A review of abdominal sacrocolpopexy reported the success rate when defined as lack of apical vaginal prolapse postoperatively from 78 to 100 % [12]. The median reoperation rates for pelvic organ prolapse and for stress urinary incontinence in the studies that reported these outcomes were 4.4 % (range, 0–18.2 %) and 4.9 % (range, 1.2–30.9 %), respectively. A randomized, controlled trial of sacrocolpopexy with and without concomitant Burch colposuspension at 2-year follow-up had reassuring anatomic outcomes, with 95 % of subjects having excellent objective outcomes for the vaginal apex (within 2 cm of total vaginal length), with 2 % of subjects demonstrating stage III prolapse, and 3 % of subjects undergoing reoperation for prolapse [13]. These subjects also demonstrated improved urinary, defecatory, and sexual function based on validated questionnaires. Although most of the literature has been focused on abdominal sacrocolpopexy, there are emerging data on the laparoscopic approach. A comprehensive review looking at over 1,000 patients in 11 series who underwent laparoscopic sacrocolpopexy revealed that the conversion rates and operative times had decreased substantially with increased experience in performing this procedure [10]. The mean follow-up for these series was 24.6 months with an average patient satisfaction rate of 94.4 % and a 6.2 % prolapse reoperation rate [10]. From this review, the authors concluded that a laparoscopic approach to sacrocolpopexy upholds the outcomes of the gold standard of abdominal sacrocolpopexy and is a very good minimally invasive option for patients with vaginal vault prolapse [10].

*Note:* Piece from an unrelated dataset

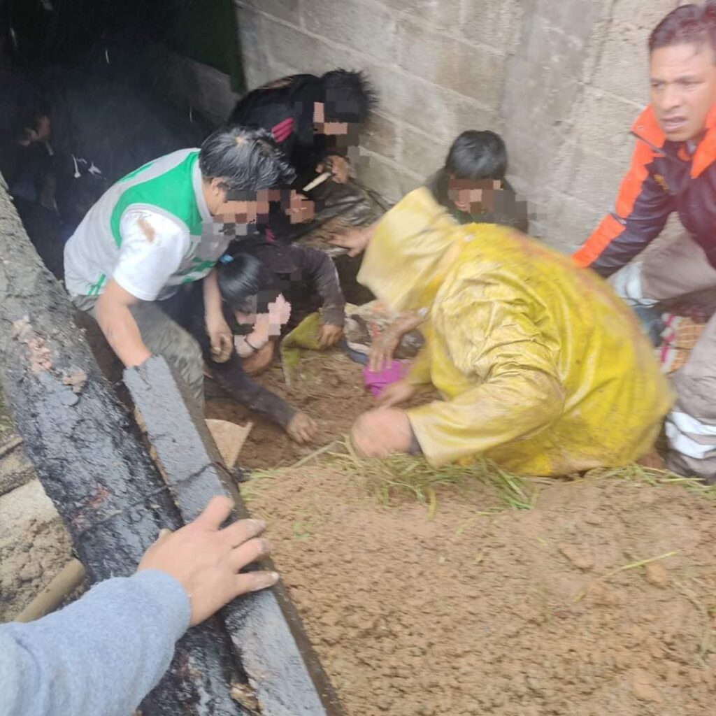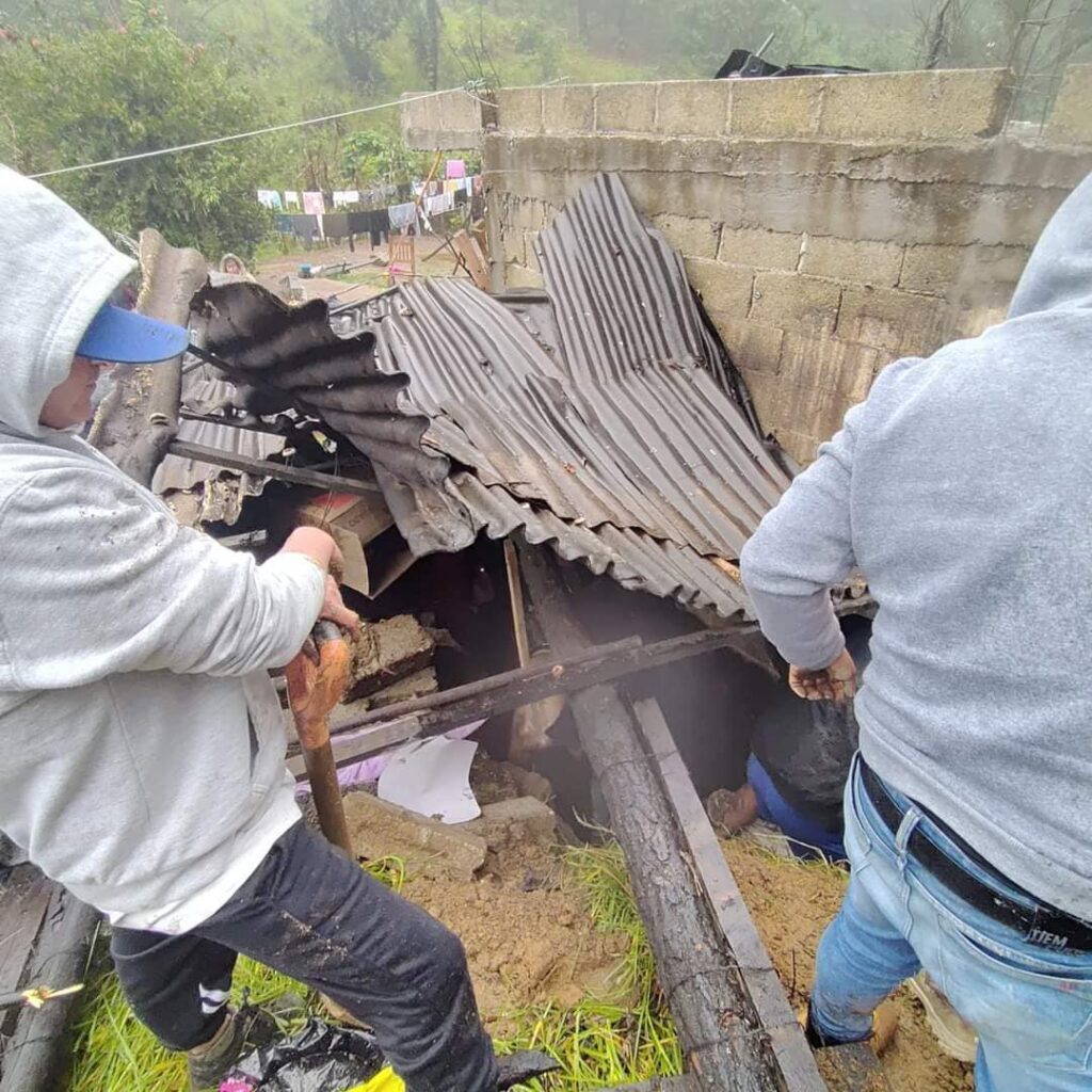 El ayuntamiento informó que, por este derrumbe, se movilizaron elementos de Protección Civil y Seguridad Pública, para rescatar a la familia que quedó atrapada en el lodo y las láminas de su humilde vivienda.

3.1 Laparoscopic Hysteropexy
Hysterectomy is often done at the time of surgical repair for uterine and uterovaginal prolapse. Uterine preservation techniques have largely been employed in women with uterovaginal prolapse desiring future fertility. However, there has been a small shift in this practice as more women are requesting uterine preservation for other important reasons, including issues of sexuality, body image, cultural preferences, and the concern for earlier-onset menopause after hysterectomy [11]. The risk of unanticipated pathology in asymptomatic women remains low [14]; however, it is important to determine which patients are appropriate candidates for uterine-preserving surgery. Uterine-preserving surgery is contraindicated in women with a history of cervical dysplasia, dysfunctional uterine bleeding, postmenopausal bleeding, and risk factors for endometrial carcinoma. Additionally, women who choose to undergo hysteropexy should be counseled about the need for continued cancer surveillance and potential risks associated with future pregnancies [15].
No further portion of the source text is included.